My second approach was not filtering out the 0s, but instead limiting the X axis to not include them, but this didn't work either:

set1 %>% 
  ggplot(aes(x=total, fill=lowcost))+
  geom_histogram(binwidth=1,aes(y = (..count..)/sum(..count..)),col=I("black"))+
  scale_color_grey()+scale_fill_grey(start = .85,
                                     end = .85,) +
  theme_linedraw()+
  guides(fill = "none", cols='none')+
  geom_vline(aes(xintercept=10, size='Low target'),
             color="black", linetype=5)+
  geom_vline(aes(xintercept=50, size='High target'),
             color="black", linetype="dotted")+
  scale_size_manual(values = c(.5, 0.5), guide=guide_legend(title = "Target", override.aes = list(linetype=c(3,5), color=c('black', 'black'))))+
  scale_y_continuous(labels=scales::percent)+
  scale_x_continuous(breaks = c(seq(0,50,10), 55), labels = c(seq(0, 50, 10), '>55'), limits = c(0.01, 60))+
  facet_grid(cols = vars(lowcost))+
  ggtitle("Ask Set 1 ")+
  theme(plot.title = element_text(hjust = 0.5))+
  xlab("Total donation ($)")+
  ylab("Percent")

Both result in histograms like look like this: The tallest bar on the left histogram should actually be 1.19%

enter image description here

The percents should be the following in the histogram on the left:

enter image description here

The percents should be the following in the histogram on the right:

enter image description here

  • (1) The use of vectors in `ggplot(..)` works but to me seems risky and does not enable "normal things". I strongly recommend that you keep data for plotting in a `data.frame`; this would make it `ggplot(mydata, aes(x=total, fill=lowcost))+...`. (2) Once there, you can just subset the data out of the plot, perhaps `ggplot(subset(mydata, total>0), aes(x=total, fill=lowcost))+...`. – r2evans Mar 24 '22 at 16:57
  • @r2evans thanks for pointing that out, the first line of my code got cut off, I just updated it.

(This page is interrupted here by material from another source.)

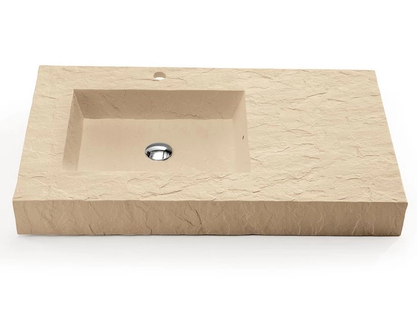 Lavabo d’arredo TOP SLATE 90 cm. 91x51xH10 vasca sinistra – installazione in appoggio o sospesa – forma rettangolare con foro rubinetto – con foro troppo pieno – resina & marmo crema marfil
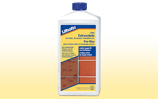 Pré-imprégnation pour une protection supplémentaire contre les taches d’huile et de graisse. A appliquer avant le traitement final avec Lithofin Cotto Wax-Finish.

I tried that suggested code but it didn't fix the problem the the 0s – Erin Morrissey Mar 24 '22 at 17:03
  • Okay, that makes sense. Can you make this question [reproducible](https://stackoverflow.com/q/5963269) using `dput(.)` to provide representative data? You shouldn't share all 18k rows of course, but perhaps you can generate sample data randomly (or deterministically, I don't care) and use that for the question. – r2evans Mar 24 '22 at 17:04
  • unforunately, I'm not sure how to do that, my knowledge of R is quite limited (really scraped together this code) – Erin Morrissey Mar 24 '22 at 17:07
  • Okay, I've reread your question, I think my first comment was misguided. Since you cannot share your current data, perhaps try to do something simple and similar with (for example) `ggplot2::diamonds` or another dataset. – r2evans Mar 24 '22 at 17:15
  • Perhaps all you need to do is remove `filter(..)`, giving all data to `ggplot(..)`, but then add `... + coord_cartesian(xlim=c(1, NA))`. This is doing "clipping" of the plot, so all stats should be unchanged. – r2evans Mar 24 '22 at 17:18

2 Answers2

1

I think you can do what you want using "clipping" with coord_cartesian. Try this (untested):

set1 %>%
  # filter(total>0) %>%                   # comment this out, do not filter
  ggplot(aes(x=total, fill=lowcost)) +
  coord_cartesian(xlim = c(1, NA)) +      # start at 1, extend to the normal limit
  geom_histogram(binwidth=1, aes(y = (..count..)/sum(..count..)), col=I("black")) +
  ...                                     # rest unchanged
r2evans
  • 141,215
  • 6
  • 77
  • 149
  • Awesome this worked, thanks so much! It did raise another issue that I didn't realize was occurring in the existing code. The % calculated for the chart on the right and the left is the total from the entire dataset- whereas the left should show the %s out of only the data of one level of the low cost variable and the right side should show the %s of the other level of the "lowcost" variable. Any idea how to address this? – Erin Morrissey Mar 24 '22 at 18:31
  • If I understand correctly, you want to report the percentage per group instead of overall. I suggest that's a different question. When you post that, I strongly suggest you shift to a dataset where the question is fully reproducible. I know that's extra work for you, but it seems unlikely you'll be able to share `set1` with sufficient variability to demonstrate your code and issue. Also, in basic "how do I" questions, most of the theming of `ggplot2` plots is an unnecessary distraction; it really helps when the code is truly *minimal*. – r2evans Mar 24 '22 at 18:34
0

Perhaps try something like this:

# Test data + expected outcome
set1 <- tibble(total=c(rep(0,10), rep(1,5), rep(2,5)))
set1 %>% count(total) %>% mutate(percent = n/sum(n))

enter image description here

# First, count the percentage and store it in a temporary variable
# Then, use the percentage variable with "identity" option for the histogram
# You can then either filter out the total first, or change the limit
set1 %>% 
    count(total) %>% 
    mutate(percent = n/sum(n)) %>%
    filter(total>0) %>%
    ggplot(aes(x=total,y=percent)) + 
    geom_histogram(stat="identity") +
    scale_x_continuous(limits = c(0, 3)) +
    scale_y_continuous(labels=scales::percent) +
    ylab("Percent")

enter image description here